The Short Term Indicator (VXX $ volume and Smart Beta P/C) has now reached the minimum for a confirmed SELL with the 5 Dy EMA at -0.4 and the 20 Dy EMA at -0.25.
Looking more closely at the Short Term components, the VXX $ volume (adj for market volume) has the long term EMAs at the lowest level for the last two years, warning of a pickup in volatility.
The second component, the Smart Beta P/C (ETF Puts/Equity Calls), is lagging the VIX $ Vol, but the overall pattern since June resembles the first half of 2015 which also showed the same divergence in August 2015.
The money flow indicator SPXU/UPRO has now reached a new low extreme after a brief bounce continuing to trace out the same pattern as the first half of 2015 only now for about 50% longer in duration.
Looking at some of the other indices, the NDX shows similar results as the SPXU/UPRO.
The RUT has seen a sharp drop in bearishness even as the rally has run out of stream, not a good sign.
The gold miners HUI has finally seen some increase in bearishness as the index fell below the critical 180 area last week, but the long term EMA (blue) has only now reached the neutral area and is in the same position as June of 2015 when the index continued to fall to 100.
Bond sentiment (TNX) is hovering around the same area as in April of 2015 when interest rates were only 1.9%, so the overall outlook for bonds remains bearish.
Lastly, I just completed replacing the biotech index IBB with the banking index BKX using the FAZ/FAS ETFs. This is a long term look and next week I will show the normal period. As you can see a strong BUY was issued mid-year so the resulting rally is no surprise. The only question is how high can it go.

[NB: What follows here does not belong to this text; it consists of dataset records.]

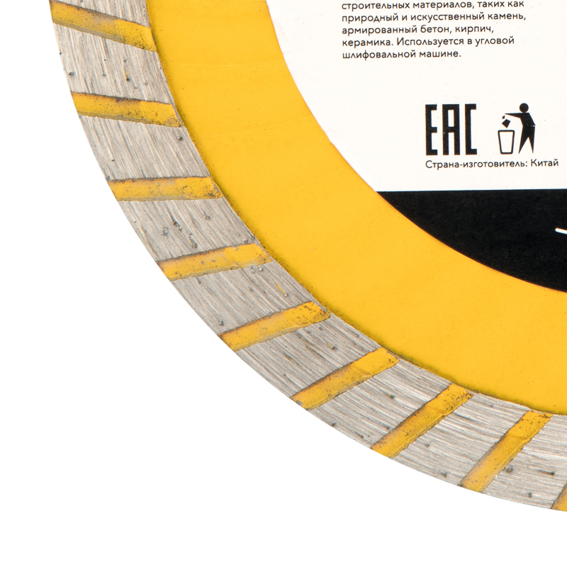 Внимание! Запрещается использовать диск для разрезания металлов. При установке диска руководствуйтесь стрелкой направления вращения диска. Используйте средства индивидуальной защиты. Не утилизируйте с бытовыми отходами.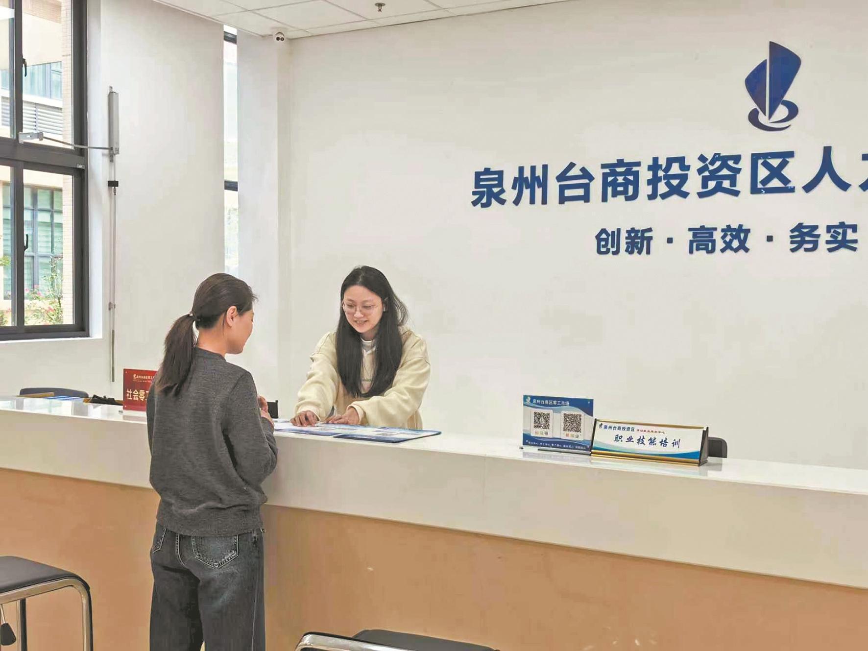 台商区零工市场服务大厅内,求职者向工作人员咨询岗位信息与职业技能培训政策。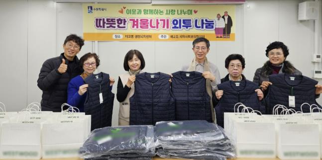 | ▲ 수원시 팔달구 매교동 지역사회보장협의체, 홀몸어르신에 따뜻한 겨울나기 외투 전달 |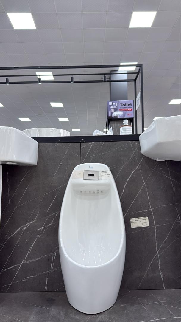 This Trent urinal is a sleek wall-hung model in glossy white ceramic. It has an integrated sensor flush at the top so users do not need to touch any handle, which keeps washrooms cleaner and more hygienic. Suitable for offices, malls, restaurants and public toilets.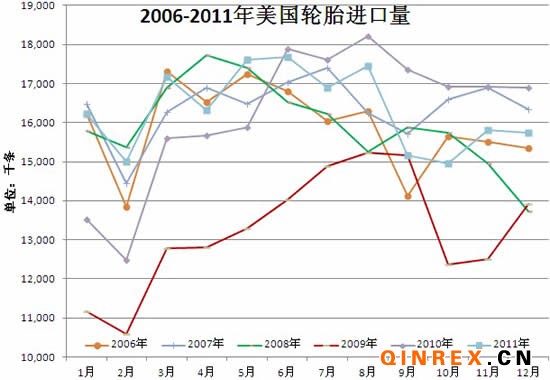 2011年,美國共進口輪胎196011千條,同比微增0.55%。從上圖可以看出進口量與2007年(2007年進口量為2000年以來最高)相差無幾。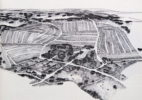 Voorbeeld van een Middeleeuws domein met in het midden de hoeve van de domeinheer, daarachter zijn landerijen en rechtsonder het dorp van de boeren met de kerk.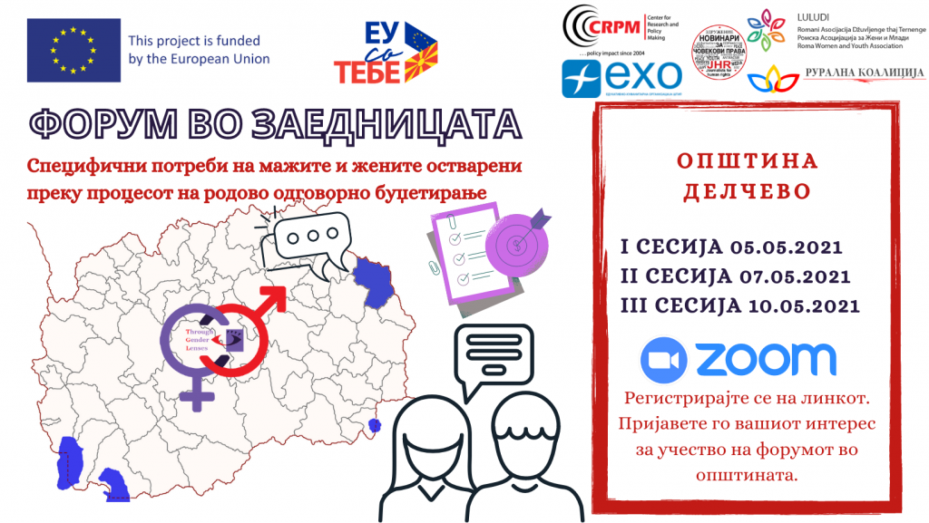 Во наредните два месеца во рамки на проектот „Низ женски леќи: покревање на политики и буџетски иницијативи, следење на спроведувањето на локалните акциски планови за родова еднаквост“, финансиран од Европската Унија, ќе организираме 17 форуми во заедниците. Форумите се на тема- Специфичните потреби на мажите и жените остварени преку процесот на родово одговорно буџетирање.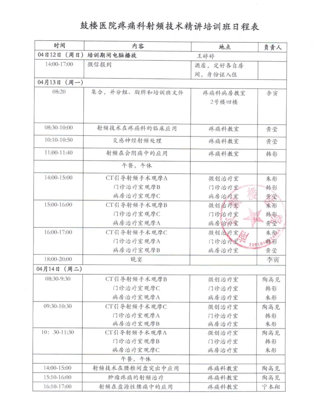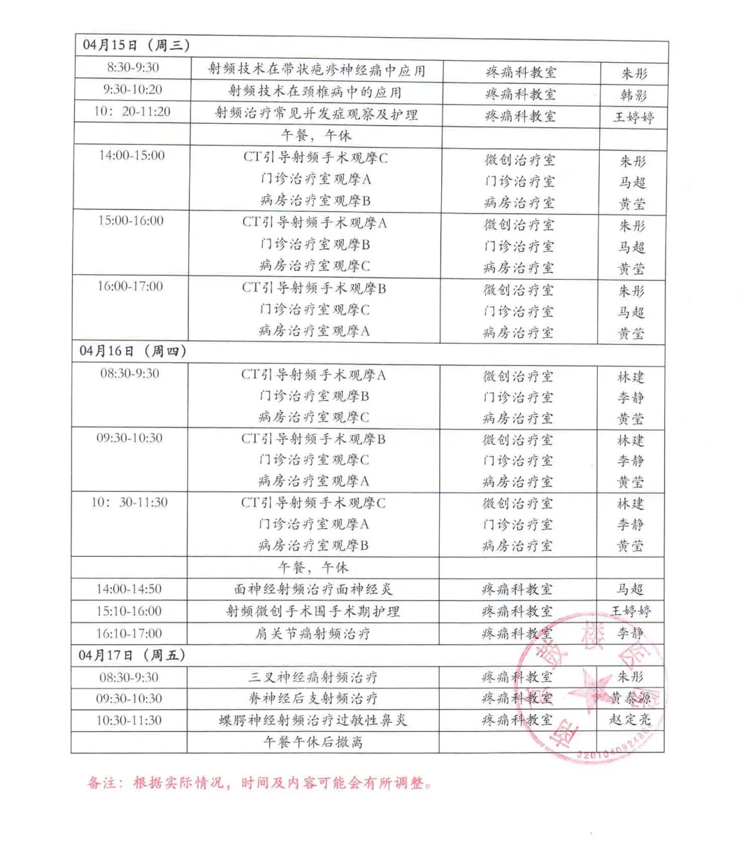 位疼痛及相关专业同仁:南京鼓楼医院疼痛科已开展多次射频学习班,近期拟继续开展射频技术学习班,培训射频技术。本期“射频技术在疼痛科的应用”培训班招生对象为专科联盟内外具有中级职称以上的疼痛科医生。主办单位:南京鼓楼医院培训时间:2026年4月13日-17日学费:5000元/人,专科联盟单位3000元/人,基层孵化单位2000元/人。联系人:张老师 18513068596 报名者请注明:姓名、性别、单位名称、职称、电话,住宿与否;已开展射频微创手术台次(0,10,50,100或>100)食宿费用自理:提供医院附近“名人城市酒店”供学员参考,380元/间,含早餐。培训期间备午餐。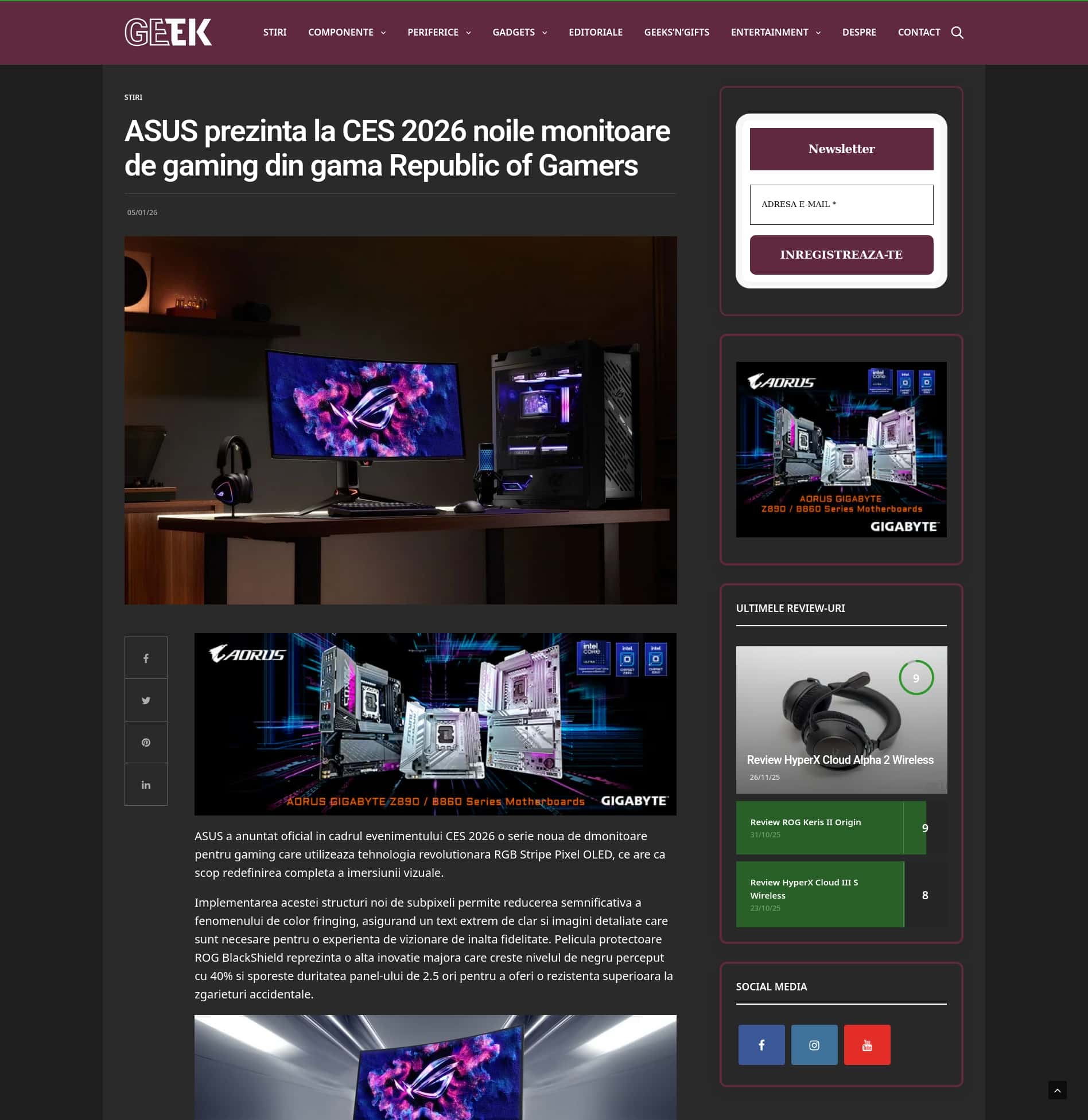 ASUS prezinta la CES 2026 noile monitoare de gaming din gama Republic of Gamers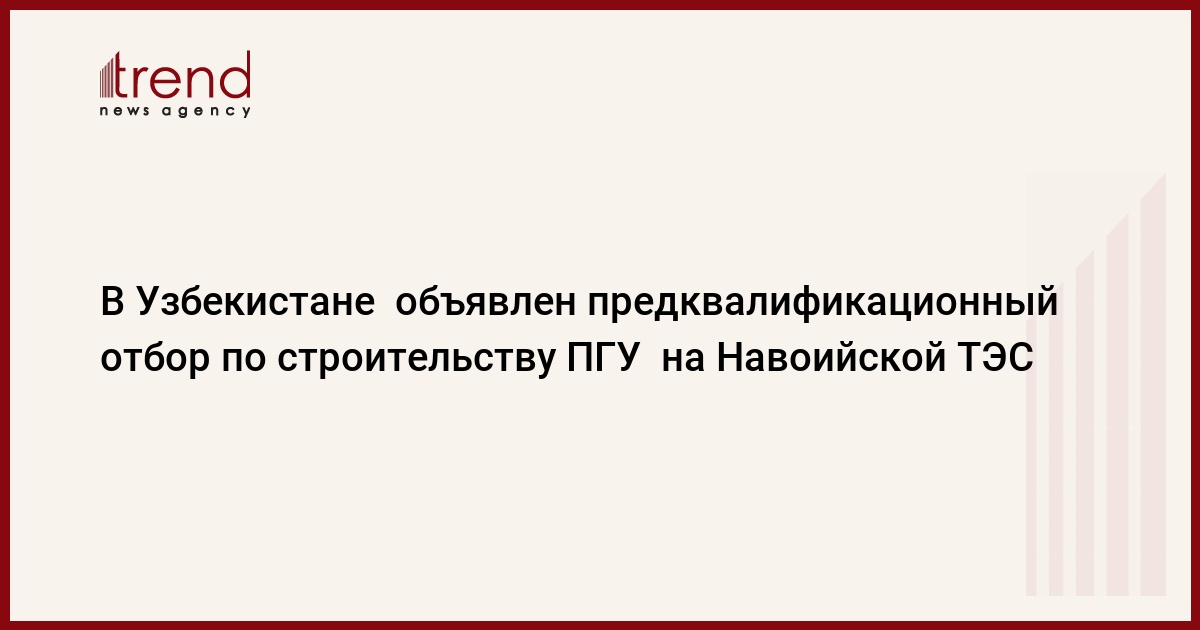 ТАШКЕНТ /Trend/ - Государственная акционерная компания (ГАК) "Узбекэнерго" объявила предварительный квалификационный отбор по проекту строительства "под ключ" одного блока парогазовой установки (ПГУ) комбинированного цикла мощностью 450 МВт на Навоийской тепловой электростанции.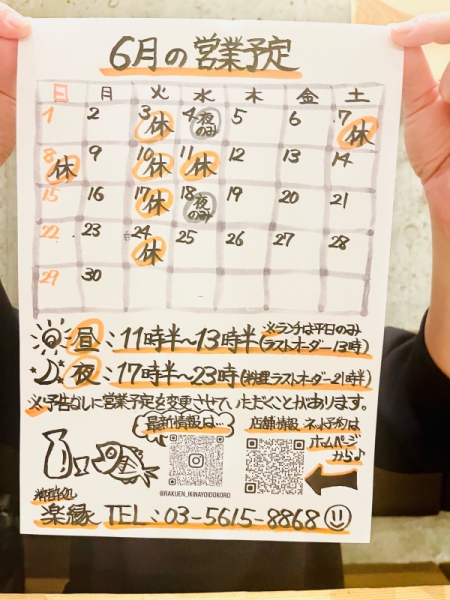 4月も沢山のご来店、ありがとうございました😊2025年5月の営業予定です◎来る、5月19日(月)で楽縁...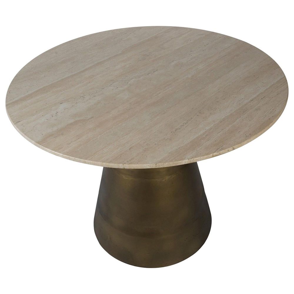 Item Code: 706500 Clifton II Light Travertine Round Dining Table pairs a smooth travertine top with a conical antique brass base for a timeless, contemporary feel. Beautiful natural travertine is filled with resin then set upon a cast aluminium brass finish base. Table seats four people. A natural companion to other pieces in the Clifton II collection, including the Coffee Tables (60cm & 75cm) and Side Tables (40cm in both Light Travertine and Dark Travertine finishes). This versatile centrepiece completes the look with refined coordination and material harmony. 120 x 120 x 75cm.Free Delivery

Conclusion. We are now seeing the lowest levels of bearishness of the last two years. In addition to the above, VIX call buying spiked higher on Wed and Thur roughly equal to Dec 14 & 15 of 2015, this was about a week and a half before the decline started.
Weekly Trade Alert. My overall preference is for an extension top into the first of the year, but sentiment is so extreme that I will consider a half position short on the SPX on a retest of the highs next week 2270-75 with a stop at 2290. Updates @mrktsignals if necessary.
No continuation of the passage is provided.